Should I consider buying Glencore as its share price slumps to multi-year lows?

FTSE 100 stock Glencore continues to see its share price slump. Now at its cheapest since September 2021, should I consider piling in?

| More on:

The content of this article was relevant at the time of publishing. Circumstances change continuously and caution should therefore be exercised when relying upon any content contained within this article.

You’re reading a free article with opinions that may differ from The Motley Fool’s Premium Investing Services. Become a Motley Fool member today to get instant access to our top analyst recommendations, in-depth research, investing resources, and more. Learn More.

Portrait of elderly man wearing white denim shirt and glasses looking up with hand on chin. Thoughtful senior entrepreneur, studio shot against grey background.

Image source: Getty Images

A weak period for commodity markets has proved catastrophic for Glencore (LSE:GLEN) and its share price.

At 329.6p per share, the FTSE 100 company is down 16.3% over the past year. It’s nearly 7% lower today (19 February) after announcing a second straight year of sinking earnings.

Due predominantly to falling coal prices, Glencore said that adjusted EBITDA dropped 16% over the course of 2024, to $14.4bn. The miner also crashed to a loss before tax of $998m from a profit of $5.4bn the year before.
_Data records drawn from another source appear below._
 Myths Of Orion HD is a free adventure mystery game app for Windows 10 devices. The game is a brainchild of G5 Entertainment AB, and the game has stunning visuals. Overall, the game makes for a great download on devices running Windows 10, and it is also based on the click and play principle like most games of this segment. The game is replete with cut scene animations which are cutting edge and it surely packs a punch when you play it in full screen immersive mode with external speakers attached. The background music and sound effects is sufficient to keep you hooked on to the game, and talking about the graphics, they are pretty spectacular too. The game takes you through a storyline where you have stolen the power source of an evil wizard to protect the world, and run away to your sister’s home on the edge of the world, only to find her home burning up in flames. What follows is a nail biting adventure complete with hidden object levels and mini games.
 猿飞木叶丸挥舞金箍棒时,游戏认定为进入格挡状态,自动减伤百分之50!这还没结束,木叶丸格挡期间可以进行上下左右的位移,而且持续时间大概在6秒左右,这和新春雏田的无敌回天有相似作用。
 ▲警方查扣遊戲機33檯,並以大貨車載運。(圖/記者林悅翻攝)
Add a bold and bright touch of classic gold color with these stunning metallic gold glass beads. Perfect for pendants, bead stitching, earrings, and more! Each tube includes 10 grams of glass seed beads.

2024 was another year of operational robustness, with production across its mines and smelters, matching forecasts. But that couldn’t stop the bottom line slumping again.
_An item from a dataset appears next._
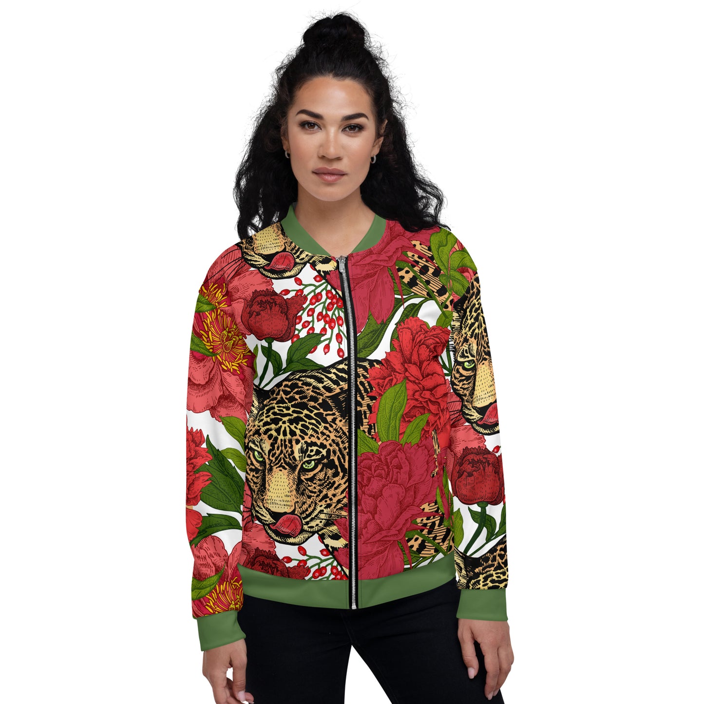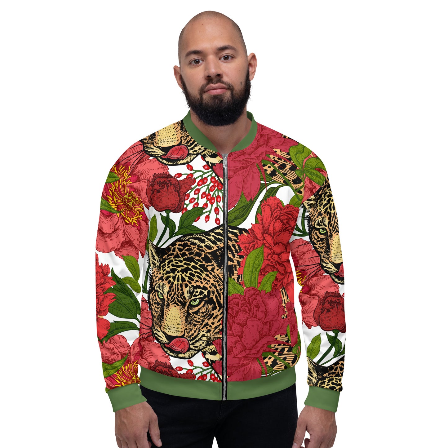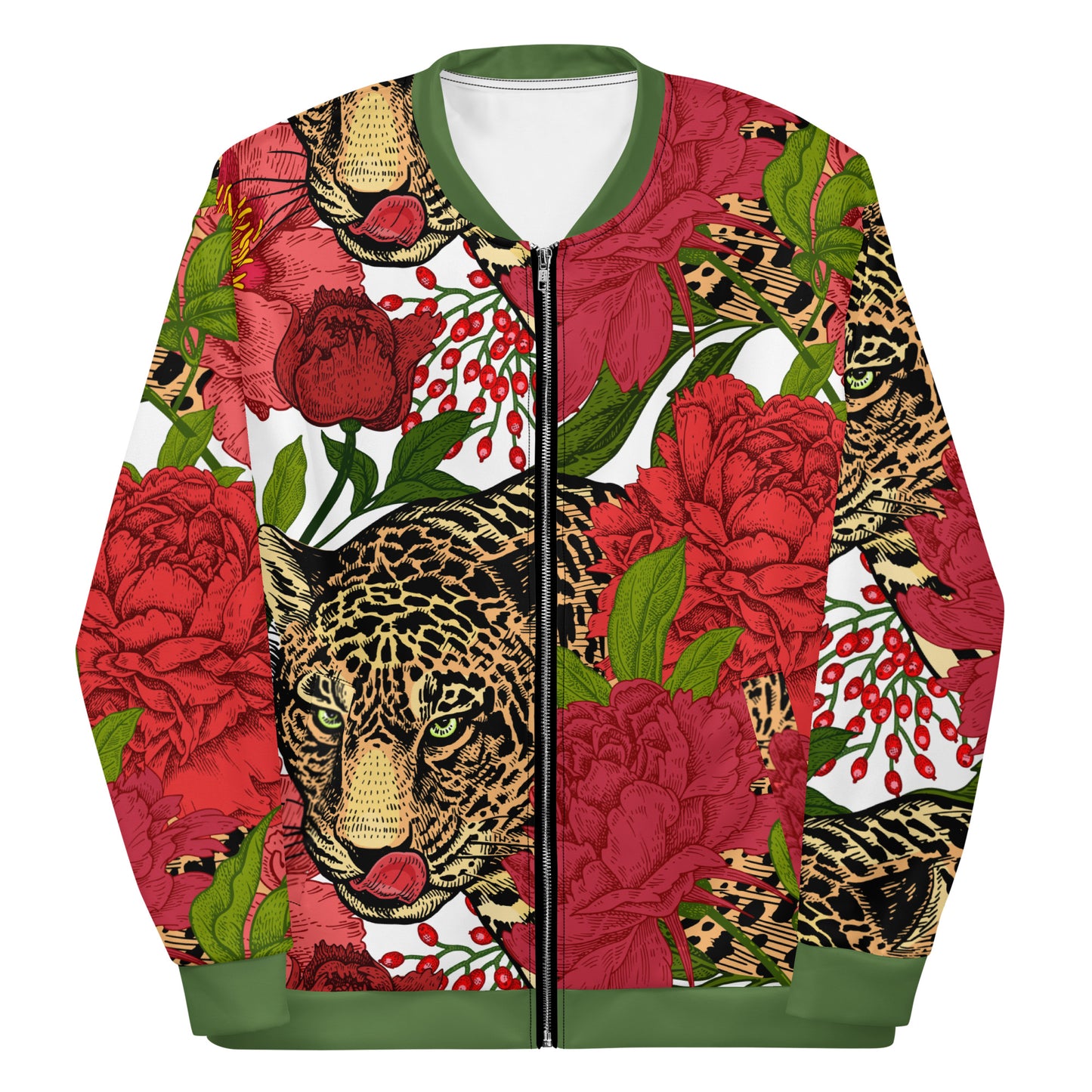 Make a statement and look absolutely fabulous with this multicoloured leopard and floral all-over print unisex bomber jacket from Desirable Tees that is guaranteed to turn heads!

Should I avoid Glencore shares like the plague right now? Or should I capitalise on recent weakness and add them to my portfolio?

Danger ahead

Aside from gold, the last 12 months has been pretty dire for the metals and minerals business. Since January 2024, the Westpac Export Price Index has fallen more than 7%, driven by thumping drops in metallurgical coal and iron ore prices (down 43% and 23%, respectively).

Could business be about to turn higher? As things stand today, I wouldn’t bet the house on it.

As Westpac succinctly commented: “We doubt we will get much more clarity in 2025 with risks of trade wars, shifting priorities around the transition to a low-carbon economy, while geopolitical uncertainties all at play.”

Take copper, for instance, a key commodity for Glencore on the mining and trading side. Crippling trade tariffs and changing green policy in the US could decimate demand from key sectors like electric vehicles (EVs), renewable energy and electronics.

On Tuesday, US President Trump shook markets by threatening 25% tariffs on imports of foreign vehicles and semiconductor chips.

Taking a long-term view

Does all this make Glencore shares extremely unattractive? I’m not so sure.

First, it depends on an investor’s preferred timeframe. The near-term outlook for metal prices is pretty murky, while its coal business could also continue to struggle. But over a longer horizon — say a decade or more — the picture is far more encouraging.

The green economy and digital sector still look poised to expand significantly over the next 10-20 years, boosting industrial metal demand. Other factors, like increased urbanisation, the booming global population, and rising emerging market wealth will also drive consumption.

Glencore’s extensive operations put it in great shape to exploit this opportunity. The firm has more than 60 metal-producing assets spanning the globe and a large marketing division.

A strong balance sheet gives it scope for growth-boosting acquisitions as well. Its net-debt-to-adjusted EBITDA ratio stands at just 0.8.

Too cheap to miss?

It’s also worth considering the cheapness of Glencore shares, and whether current threats are reflected in today’s low share price.

Analysts think annual earnings will rebound 25% in 2025. So the miner trades on an undemanding price-to-earnings (P/E) ratio of 10.9 times.

Meanwhile, its price-to-earnings growth (PEG) ratio sits at 0.4, well within bargain basement territory below 1.

At today’s price, I think the FTSE 100 miner is worth serious consideration. A tasty 5.5% forward dividend yield adds an extra sweetener for investors.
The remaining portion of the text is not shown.